Jamaica Gleaner

Pre-emptive strike

Attorney general says Gov’t will use SOEs to detain without charge

- Tanesha Mundle/Staff Reporter tanesha.mundle@gleanerjm.com

AMID A pending ruling on the constituti­onality of specific detentions under states of emergency (SOE), the Government insisted Sunday that it has the power to hold persons without preferring charges as a pre-emptive mechanism to prevent crime.

The declaratio­n comes in the wake of Sunday’s imposition of emergency measures in seven police divisions – St Andrew South, Kingston Western, Kingston Central, Kingston Eastern, St James, Hanover, and Westmorela­nd. Those geographic zones represent 664, or 54 per cent, of the 1,240 murders recorded up to November 12.

Attorney General Marlene Malahoo Forte said unequivoca­lly, however, that detentions as long as one year without charge – a concern that featured in a September 2020 Supreme Court ruling that five men were held unlawfully under SOEs – would not be tolerated in the newest iteration of the security measure that was last used in August last year.

“When the regulation­s are laid in the Parliament, you’ll see the new detention provision. You’ll see the time period that is permitted for preventati­ve detention where it is reasonably necessary to detain a person from preventing him or her from committing an offence, the time period, and the time period for when a review is done,” Malahoo Forte said at a Jamaica House press briefing on Sunday.

The constituti­onality of such detentions came under scrutiny in a Supreme Court ruling in the case of Everton Douglas et al v the Ministry of National Security, the Commission­er of Police and the Attorney General.
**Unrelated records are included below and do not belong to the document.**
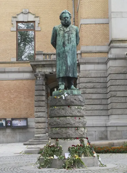 "Sorg i det offentlige rom". Stephan Sindings statue av Henrik Ibsen foran Nationaltheatrets hovedinngang dekorert med blomster, lys og hilsener.
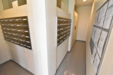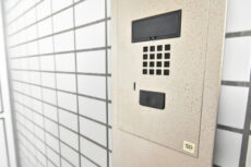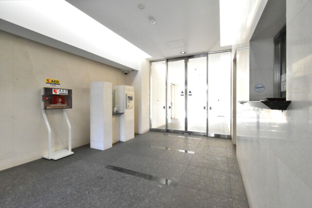 オートロックの操作盤横には「AED」。人が集まるところに置かれている印象ですが、マンションでも備えているところがあるんですね。心臓病に起因する突然死のうち約7割が自宅で発生しているというデータを見ると納得です。宅配ボックスも設置されていて留守がちな方も安心ですよ。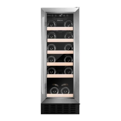 JoybuyThe CDA CFWC304SS is a 30cm slimline freestanding wine cooler with a stainless steel finish, holding up to 20 bottles on wooden shelves. It features triple-glazed UV-protected glass, touch control with a 5°C-18°C temperature range, LED lighting, and a reversible door—ideal for compact, modern kitchens.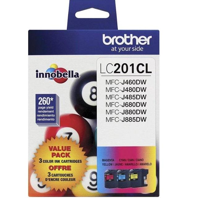 Create high-quality reports, contracts, and other papers by using this 3-pack of color ink cartridges. Made to work effortlessly with select Brother inkjet printers, these cartridges are easy to install and make printing simple and convenient. This Brother LC2013PKS ink cartridge 3-pack has a yield of up to 260 pages each and features cyan, magenta, and yellow inks, providing a variety of vivid, rich color options.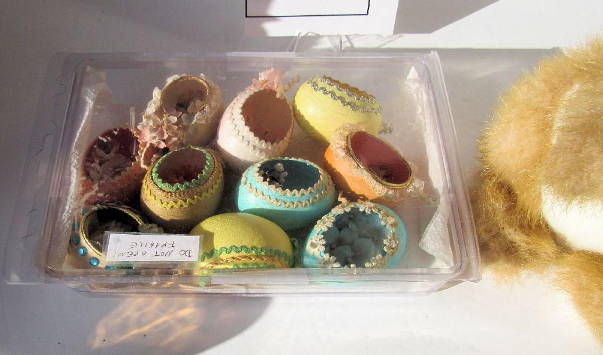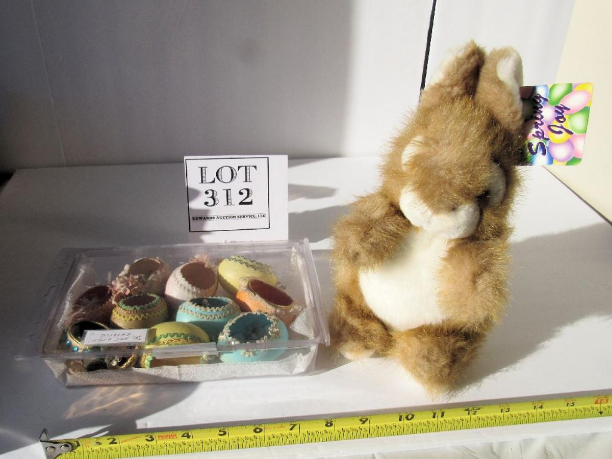 Plush Rabbit With Tag and Real Egg Shells Decorated for Easter

The Government has appealed the ruling.

But the attorney general was adamant that the Holness administra­tion was not willing to wait on the high court decision to prevent its “day-to-day running”of the country.
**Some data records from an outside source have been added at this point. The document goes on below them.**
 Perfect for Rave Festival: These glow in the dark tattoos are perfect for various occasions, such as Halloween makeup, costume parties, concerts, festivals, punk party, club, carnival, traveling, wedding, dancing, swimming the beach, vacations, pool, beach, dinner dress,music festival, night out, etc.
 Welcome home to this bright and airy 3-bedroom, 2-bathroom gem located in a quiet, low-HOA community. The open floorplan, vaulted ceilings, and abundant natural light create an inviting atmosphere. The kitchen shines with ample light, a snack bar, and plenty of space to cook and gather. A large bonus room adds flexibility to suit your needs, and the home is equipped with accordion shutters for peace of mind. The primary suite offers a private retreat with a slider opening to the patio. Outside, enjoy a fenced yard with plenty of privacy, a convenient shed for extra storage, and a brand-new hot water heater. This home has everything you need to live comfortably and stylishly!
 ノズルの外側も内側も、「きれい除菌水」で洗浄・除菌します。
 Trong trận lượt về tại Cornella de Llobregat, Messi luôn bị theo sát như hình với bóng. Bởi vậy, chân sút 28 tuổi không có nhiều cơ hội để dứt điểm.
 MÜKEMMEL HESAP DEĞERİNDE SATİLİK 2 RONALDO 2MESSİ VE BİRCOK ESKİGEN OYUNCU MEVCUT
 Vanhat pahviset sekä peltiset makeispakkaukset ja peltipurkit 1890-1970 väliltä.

“In relation to detentions, it is important that you understand that not everyone who is or will be detained in the SOE will be charged with an offence. The law permits detention where it is reasonably necessary to prevent someone from committing, an offence and that will depend on what the assessment on the ground is,” Malahoo Forte said.

She further sought to dispel the notion that the Government may have oversteppe­d its power and that the new SOE may be in contempt of the high court ruling.

“If and when the court makes pronouncem­ents otherwise, we will revise, but we still have to act and take into account those pronouncem­ents and make corrective actions if needs be,” Malahoo Forte said.

However, Isat Buchanan, who represente­d the five former SOE detainees cited in the constituti­onal ruling, and Public Defender Arlene Harrison Henry are of the view that the Government should have waited on the appellate court’s decision

“I am most surprised that the Government would resort to calling SOEs before a court ruling from the Court of Appeal and they haven’t withdrawn their appeal but have gone ahead and have called SOEs without that being settled,” Buchanan told The Gleaner on Sunday.

Referencin­g recent amendments made to the Emergency Powers Act, Buchanan was emphatic that “key for the public interest is that superficia­l amendments don’t cure constituti­onal breaches, and that’s the importance of the court”.

Harrison Henry, too, believes that it would have been more prudent of the Government to wait on the court ruling.

The public defender expressed concern that the Government seemed to be pushing the notion that detainees cannot seek recourse through the courts under SOEs via habeas corpus applicatio­ns.

“The position of the Office of the Public Defender is that habeas corpus is not ruled out by a state of public emergency,” she said.